With doric, we can simplify it, every method that can be the reason to an error is indexed and marked in the code.

In [18]:
val addColumns = getInt("int_1") + getInt("int2")

dfadd.withColumn("add", addColumns).show

: 

Let me copy the message of the error here again:

```
habla.doric.DoricMultiError: found 1 errors
Cannot resolve column name "int_1" among (int1, int2)
	located at . (cmd25.sc:1)
```

cmd25 is the name of the file, and the line number it contains the error is number 1, if Doric could, it would fix your code, but it has to leave something for the rest. And if you are using a IDE to develop, it will create a hiperlink to the line fo the error.

Lets try something "harder":

In [19]:
val col1 = getInt("int_1")
val col2 = getString("int2").warningCastTo[Int]
val addColumns = col1 + col2

dfadd.withColumn("add", addColumns).show

: 

See, each error explainded and located. Right on the target.

Ok, but will be asking for yourself, What is the dark side? Nothing, trully nothing, all your optimizations will work as pure Dataframe API, you still use your everydate Dataframe as normal if you want/need to.

## Alternatives to Doric

Doric is created to have a better and safer API for spark, but with the idea to be simple, and not a complete change for a spark developer.
Spark already has a typed API in scala with DataSet, but this API is not very frendly with all the optimizations.

We also have [Typelevel frameless](https://github.com/typelevel/frameless), that has a great API, that keeps the Dataset typed, and is fully compatible with the spark optimizations.

But bouth DataSet and Frameless TypedDataset share a common idea, to keep the whole schema allways. In both cases it has to be recreated with a case class. For example, if we expect our Dataset with 3 columns, 2 of them as string for the name and surname, and the third as an integer for the age, we would need to model it with the following:

```scala
case class User(name: String, surname: String, age: Int)

val ds: DataSet[User] = ???
```
If we want to enrich our row with the city, we have to use a new Structure, so we need to declare another case class

```scala
case class UserWithCity(name: String, surname: String, age: Int, city: String)

val ds2: DataSet[UserWithCity] = ds.???
```
In both dataset and typedDataset this is required, the thing that changes is the method to call.

This `case class` creation is acceptable if we don't have to transform the schema of the DataSet a lot, but if you are a spark develper, is not the normal case.
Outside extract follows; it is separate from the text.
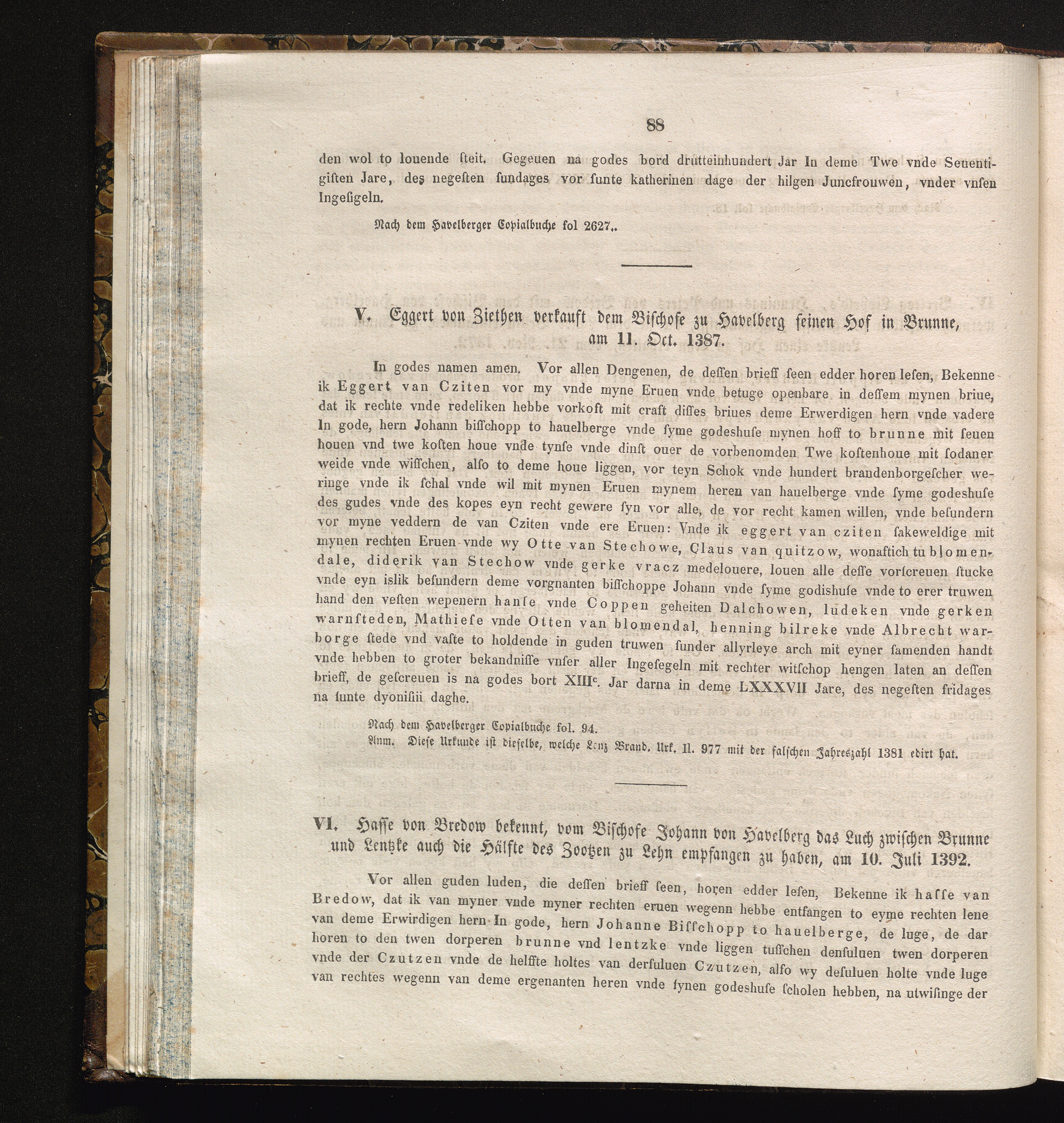 VI. Hasse von Bredow bekennt, vom Bischofe Johann von Havelberg das Luch zwischen[...]

Other problem of this way to work, is that we cant do functions that transform a DataSet of an inteface, i mean, if we have different Datasets, that have different schemas but share a couple of columns that we whant to transform with the same function something like:

```scala
def parseTimestamp(df: DataFrame): DataFrame = 
   df.withColumn("timestampParsed", parse(df("timestamp")))
```

This can be seen as an inteface:

```scala
trait WithTimestamp {
    val timestamp: String
}

trait WithTimestampParsed {
    val timestampParsed: Long
}

def parseTimestamp[T <: WithTimestamp](df: Dataset[T]): Dataset[T with WithTimestampParsed] =
   df.withColumn("timestampParsed", parse(df("timestamp")))
```

I wish this code was as simple as i putted, but in the real world its very hard for the developer to do this.

And this is the reason to create Doric, its a balance between static and type safety for columns, but keeping the DataFrame as a dynamic data structure. Allowing the developer with previous knowledge of spark to jump in almost instantly, and for somebody thats getting into spark, skip the common erros for the beginer.